### Data segment
┏━━

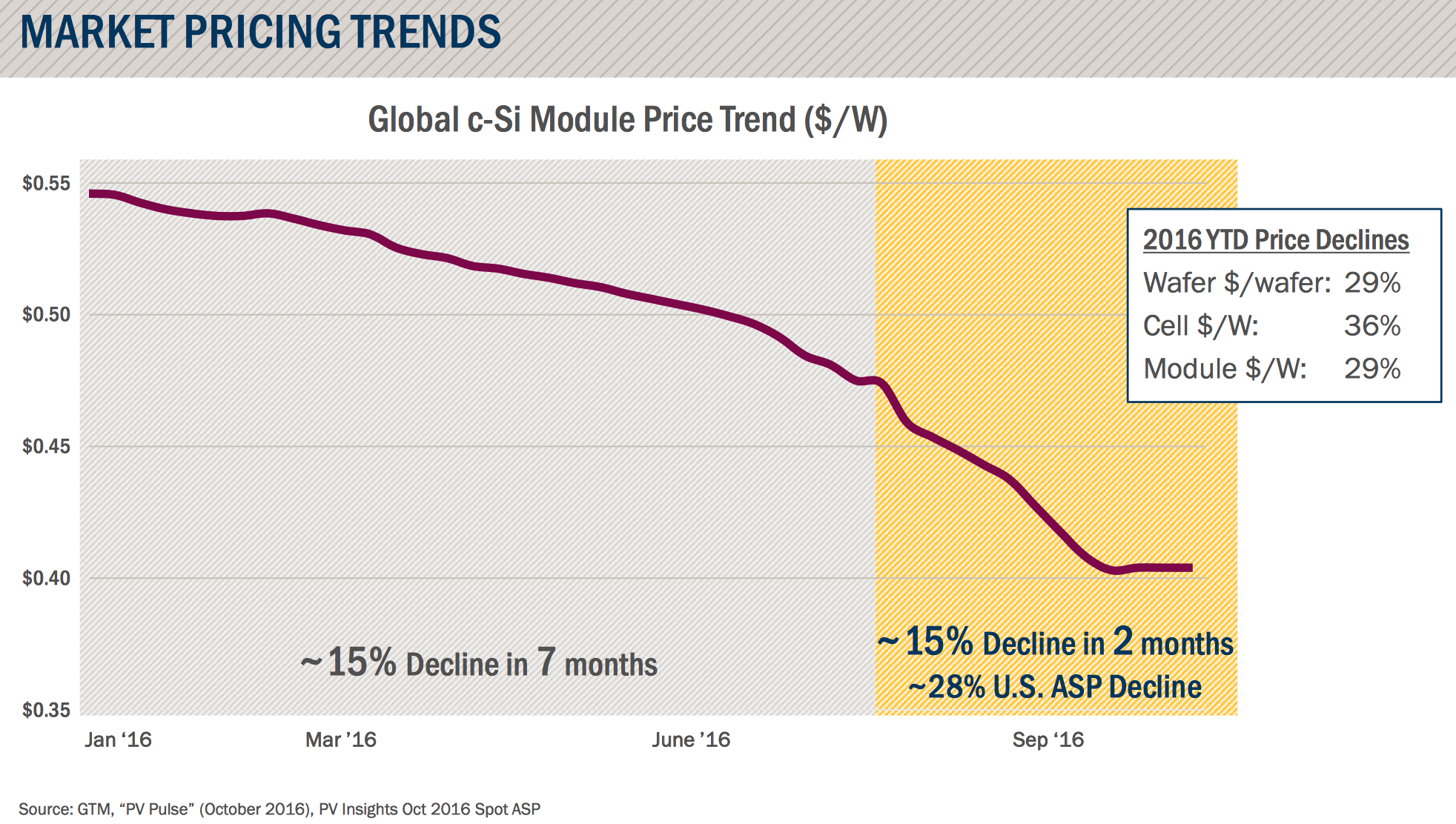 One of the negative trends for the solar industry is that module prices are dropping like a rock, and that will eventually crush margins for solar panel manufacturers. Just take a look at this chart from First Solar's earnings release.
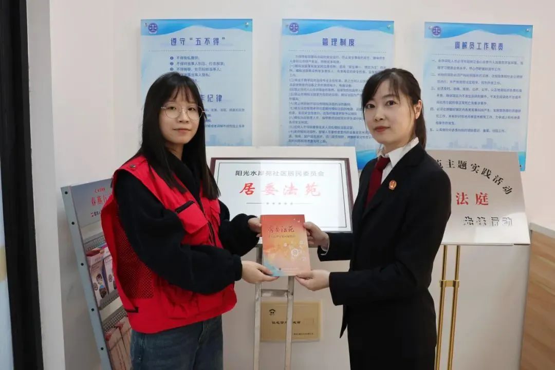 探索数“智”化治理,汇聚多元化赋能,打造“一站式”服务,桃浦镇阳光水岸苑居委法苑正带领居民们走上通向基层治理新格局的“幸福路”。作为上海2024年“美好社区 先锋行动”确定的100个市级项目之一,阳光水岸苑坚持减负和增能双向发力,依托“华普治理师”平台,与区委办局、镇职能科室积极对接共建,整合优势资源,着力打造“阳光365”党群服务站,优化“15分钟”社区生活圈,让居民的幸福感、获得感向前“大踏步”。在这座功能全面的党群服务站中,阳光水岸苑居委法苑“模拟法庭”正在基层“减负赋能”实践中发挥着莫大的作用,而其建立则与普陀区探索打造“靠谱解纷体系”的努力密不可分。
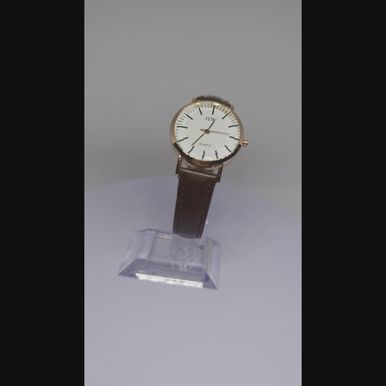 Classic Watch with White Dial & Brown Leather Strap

┗━━

### Task to carry out
Copy the data in full. No pictures belong in the copy.

### Result
 One of the negative trends for the solar industry is that module prices are dropping like a rock, and that will eventually crush margins for solar panel manufacturers. Just take a look at this chart from First Solar's earnings release.
 探索数“智”化治理,汇聚多元化赋能,打造“一站式”服务,桃浦镇阳光水岸苑居委法苑正带领居民们走上通向基层治理新格局的“幸福路”。作为上海2024年“美好社区 先锋行动”确定的100个市级项目之一,阳光水岸苑坚持减负和增能双向发力,依托“华普治理师”平台,与区委办局、镇职能科室积极对接共建,整合优势资源,着力打造“阳光365”党群服务站,优化“15分钟”社区生活圈,让居民的幸福感、获得感向前“大踏步”。在这座功能全面的党群服务站中,阳光水岸苑居委法苑“模拟法庭”正在基层“减负赋能”实践中发挥着莫大的作用,而其建立则与普陀区探索打造“靠谱解纷体系”的努力密不可分。
 Classic Watch with White Dial & Brown Leather Strap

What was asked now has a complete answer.